» **Problem details**
Quote the records in full and leave their pictures out.

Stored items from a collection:
__________________________________________________

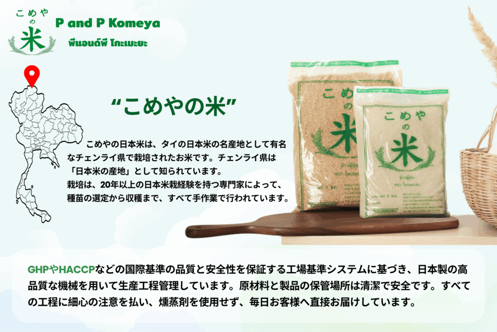 เราทำสัญญากับเกษตรกรใน จ.เชียงราย และเราดูแลเกษตรกรที่ทำสัญญาอย่างใกล้ชิด ตั้งแต่การจัดการเมล็ดพันธุ์ การเพาะกล้าไม้ จนถึงการเก็บเกี่ยว และการสีข้าว หลังการเก็บเกี่ยวเราใส่ใจในการดึงเอารสชาติดั้งเดิมของข้าวญี่ปุ่นออกมา เพื่อส่งมอบข้าวญี่ปุ่นที่ปลอดภัย คุณภาพสูง และอร่อยให้กับผู้บริโภค เราทำการปรับปรุง วิจัย รวมถึงจัดส่งผู้เชี่ยวชาญด้านการปลูกข้าวจากประเทศญี่ปุ่นมาให้คำแนะนำ
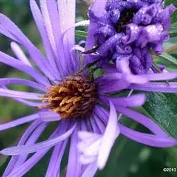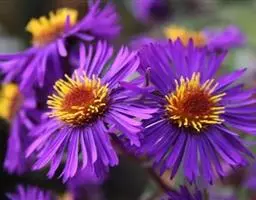舌状花约100个或更多;舌片紫蓝色,长20-30毫米,宽约1毫米。管状花长约7毫米,管部长2毫米,上部黄色,被疏毛,裂片长1-1.5毫米。冠毛2层,外层极短,膜片状;内层白色或污白色,有与管状花花冠等长的微糙毛。
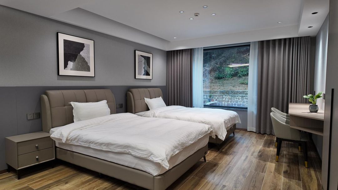Nestled among lush mountains, this resort blends natural beauty with modern comforts. Enjoy the elegance of traditional architecture, along with outdoor pools, spa treatments, and yoga classes. The eco-friendly tea gardens and orchards offer fruit-picking experiences, while the organic ingredients promise healthy dining. Perfect for business meetings or family getaways, the resort features multi-functional halls and recreational facilities. End your day with a barbecue party under the stars in the garden.
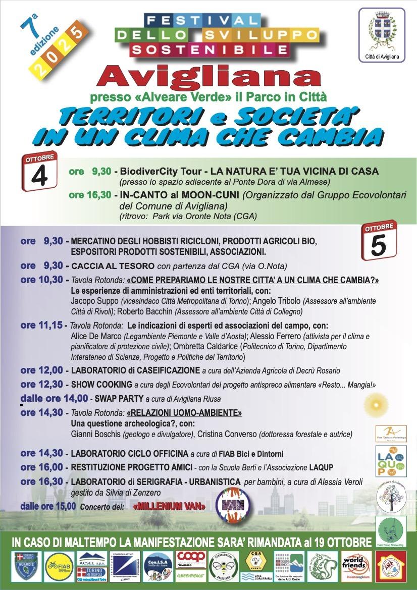 Avigliana, 26 settembre 2025 – “Territori e società in un clima che cambia” è il tema del Festival dello Sviluppo sostenibile di quest’anno, giunto alla sua settima edizione. Come ogni anno, il festival si svolge al parco Alveare verde di Avigliana ed è organizzato dall’assessorato all’Ambiente del Comune e dall’associazione Amandoli in collaborazione con Ecovolontari Avigliana, Guardie ecologiche volontarie della Città metropolitana, Città Metropolitana di Torino, Acsel Spa, Fiab bici e dintorni, Istituto Zooprofilattico sperimentale del Piemonte Liguria e Valle d’Aosta, Conisa, Pro natura Torino, Coop, World friends, Ente di gestione dei parchi delle Alpi Cozie, Guardie ecozoofile di Fareambiente, Greenpeace, Ara Arte restauro archeologia e Silvia di Zenzero.
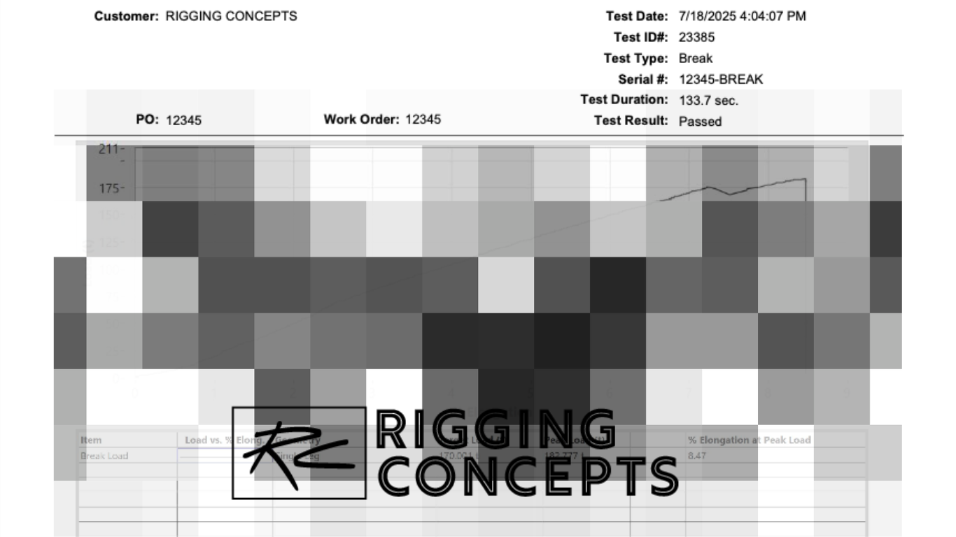 Representative examples of controlled failure testing ➡️ For actual Break Certificates please contact us. Break test results are provided for engineering reference only and do not represent rated working loads. Safe working limits must be determined by the user based on application, system design, and applicable standards.
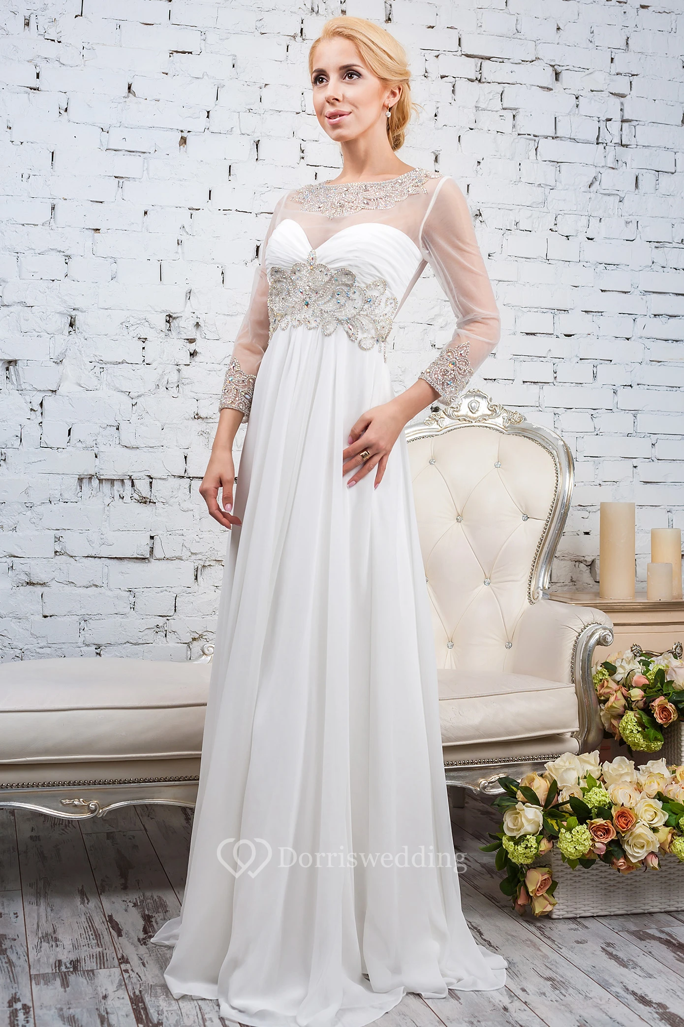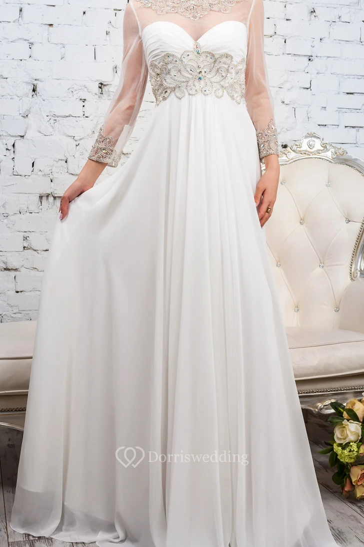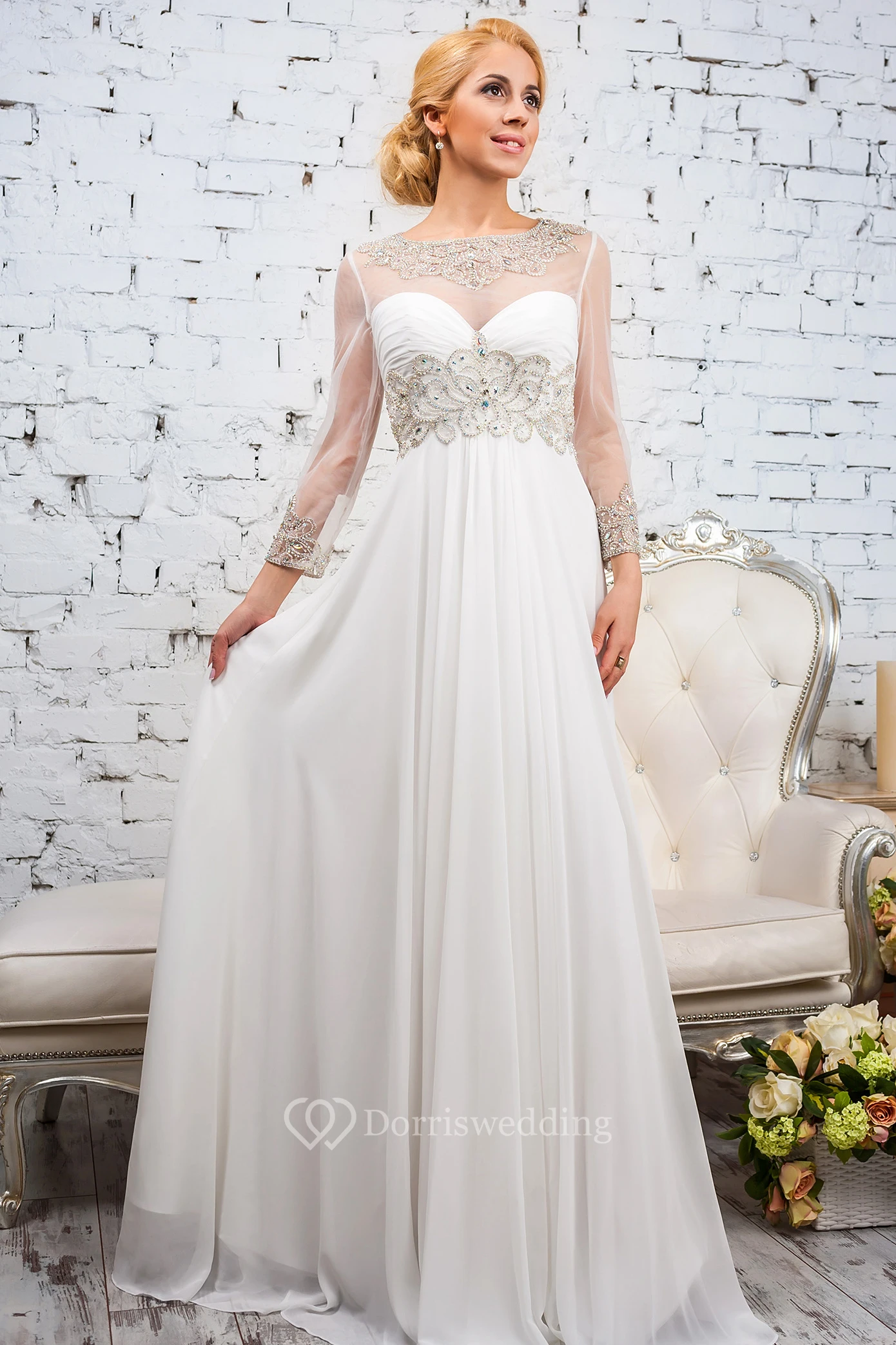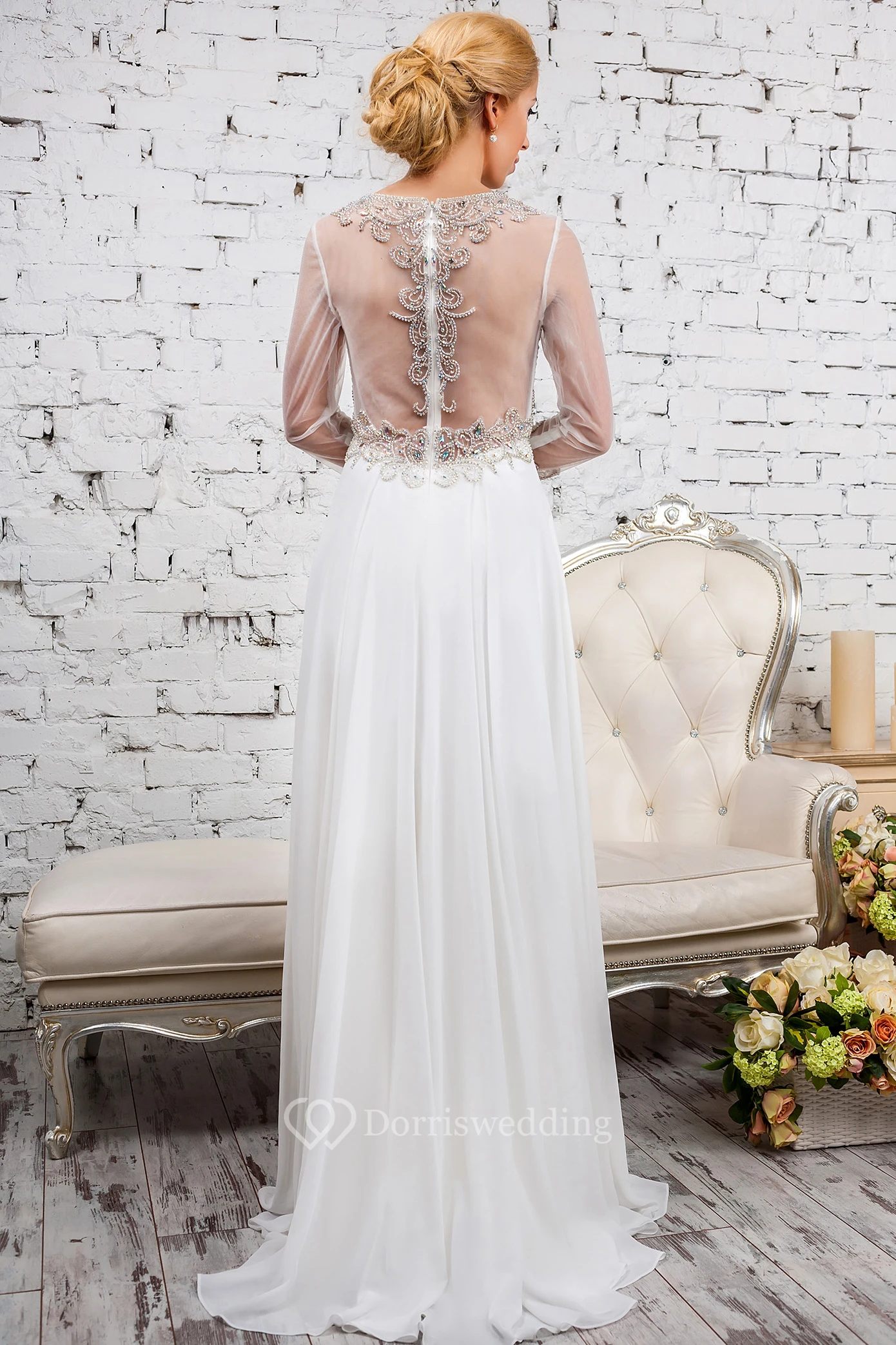 Sheath Bateau-Neck Floor-Length Beaded Long-Sleeve Tulle&Satin Wedding Dress With Pleats
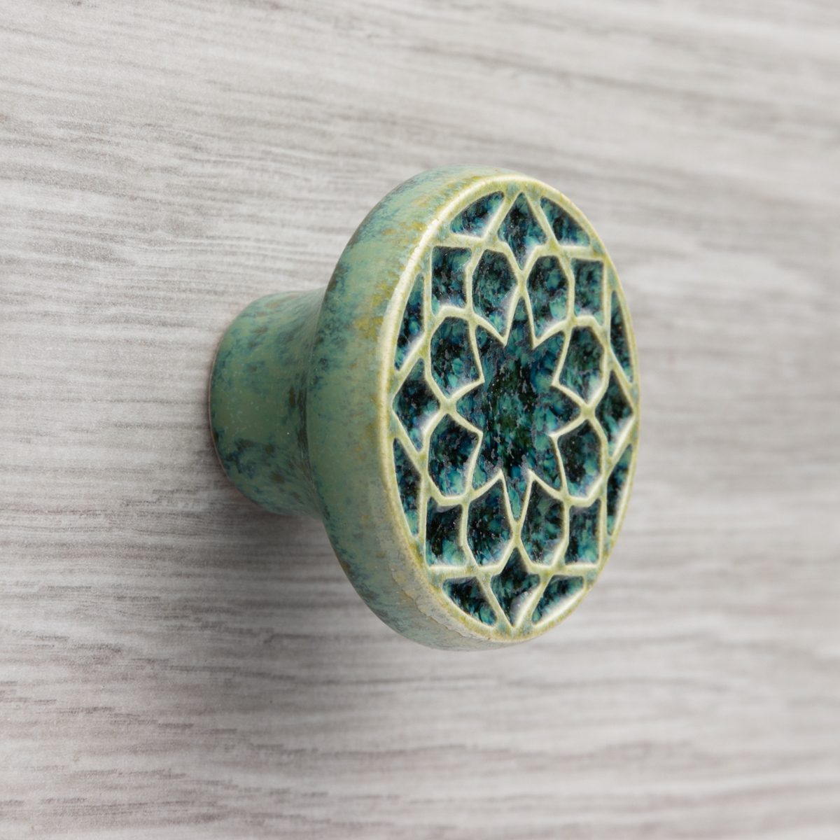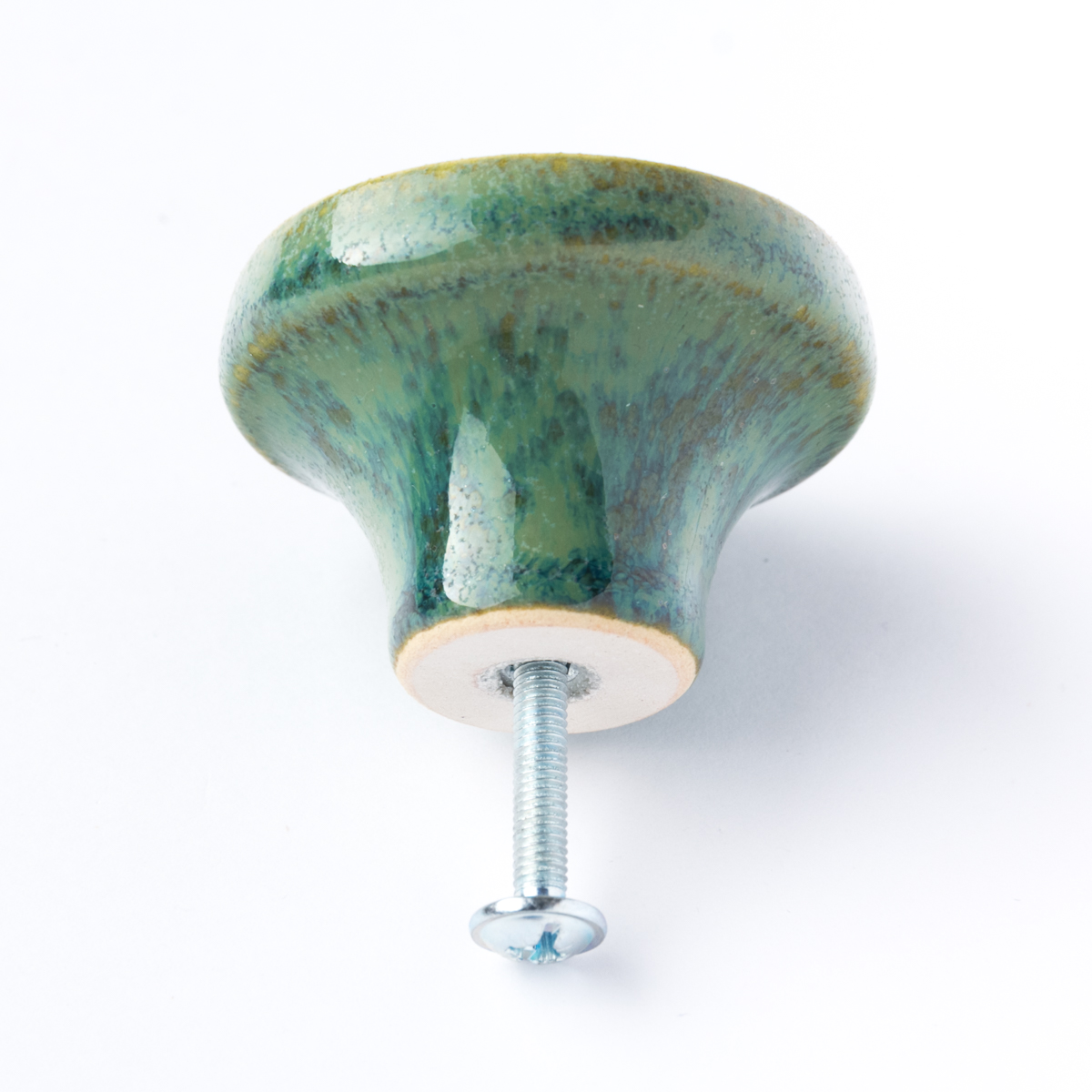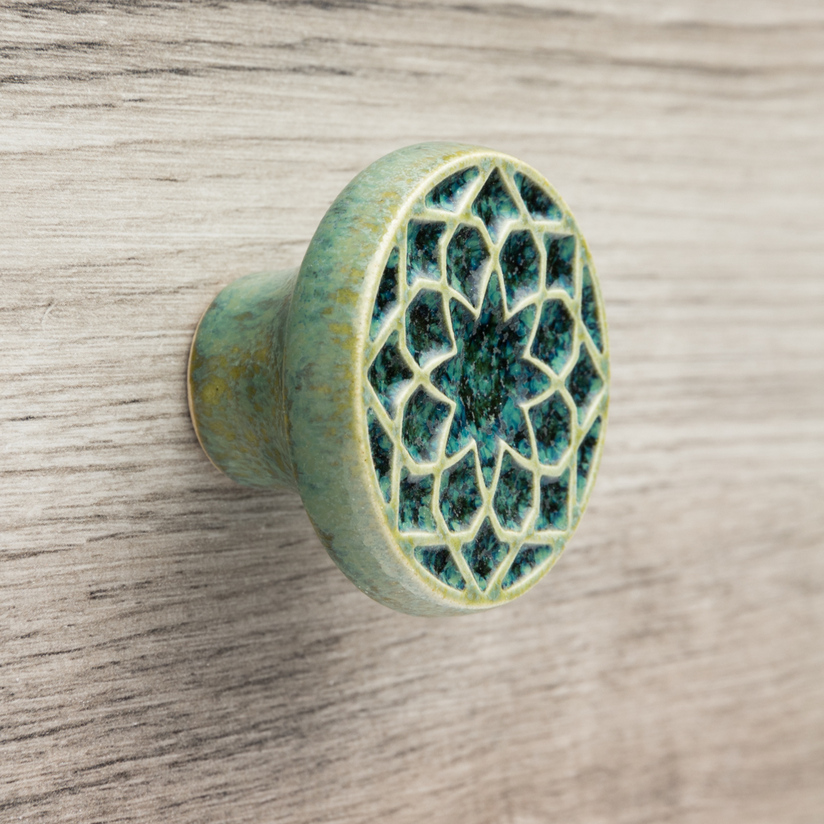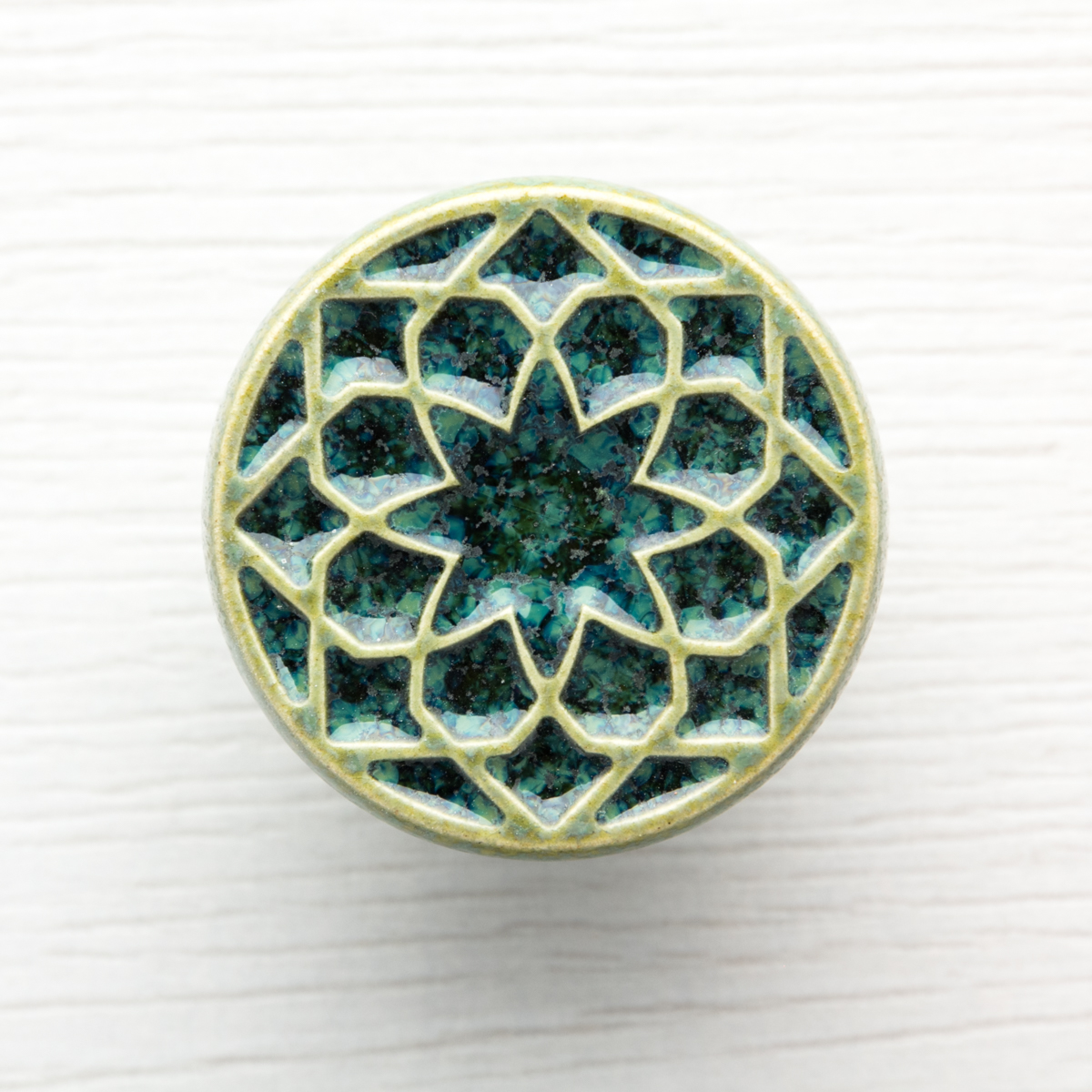 Ceramiczna gałka do mebli – ręcznie wykonana, ornamentowa, wg własnego projektu. Wykonana z jasnej gliny, pokryta błyszczącym szkliwem.

__________________________________________________

» **Answer for the task**
 เราทำสัญญากับเกษตรกรใน จ.เชียงราย และเราดูแลเกษตรกรที่ทำสัญญาอย่างใกล้ชิด ตั้งแต่การจัดการเมล็ดพันธุ์ การเพาะกล้าไม้ จนถึงการเก็บเกี่ยว และการสีข้าว หลังการเก็บเกี่ยวเราใส่ใจในการดึงเอารสชาติดั้งเดิมของข้าวญี่ปุ่นออกมา เพื่อส่งมอบข้าวญี่ปุ่นที่ปลอดภัย คุณภาพสูง และอร่อยให้กับผู้บริโภค เราทำการปรับปรุง วิจัย รวมถึงจัดส่งผู้เชี่ยวชาญด้านการปลูกข้าวจากประเทศญี่ปุ่นมาให้คำแนะนำ
舌状花约100个或更多;舌片紫蓝色,长20-30毫米,宽约1毫米。管状花长约7毫米,管部长2毫米,上部黄色,被疏毛,裂片长1-1.5毫米。冠毛2层,外层极短,膜片状;内层白色或污白色,有与管状花花冠等长的微糙毛。
Nestled among lush mountains, this resort blends natural beauty with modern comforts. Enjoy the elegance of traditional architecture, along with outdoor pools, spa treatments, and yoga classes. The eco-friendly tea gardens and orchards offer fruit-picking experiences, while the organic ingredients promise healthy dining. Perfect for business meetings or family getaways, the resort features multi-functional halls and recreational facilities. End your day with a barbecue party under the stars in the garden.
 Avigliana, 26 settembre 2025 – “Territori e società in un clima che cambia” è il tema del Festival dello Sviluppo sostenibile di quest’anno, giunto alla sua settima edizione. Come ogni anno, il festival si svolge al parco Alveare verde di Avigliana ed è organizzato dall’assessorato all’Ambiente del Comune e dall’associazione Amandoli in collaborazione con Ecovolontari Avigliana, Guardie ecologiche volontarie della Città metropolitana, Città Metropolitana di Torino, Acsel Spa, Fiab bici e dintorni, Istituto Zooprofilattico sperimentale del Piemonte Liguria e Valle d’Aosta, Conisa, Pro natura Torino, Coop, World friends, Ente di gestione dei parchi delle Alpi Cozie, Guardie ecozoofile di Fareambiente, Greenpeace, Ara Arte restauro archeologia e Silvia di Zenzero.
 Representative examples of controlled failure testing ➡️ For actual Break Certificates please contact us. Break test results are provided for engineering reference only and do not represent rated working loads. Safe working limits must be determined by the user based on application, system design, and applicable standards.
 Sheath Bateau-Neck Floor-Length Beaded Long-Sleeve Tulle&Satin Wedding Dress With Pleats
 Ceramiczna gałka do mebli – ręcznie wykonana, ornamentowa, wg własnego projektu. Wykonana z jasnej gliny, pokryta błyszczącym szkliwem.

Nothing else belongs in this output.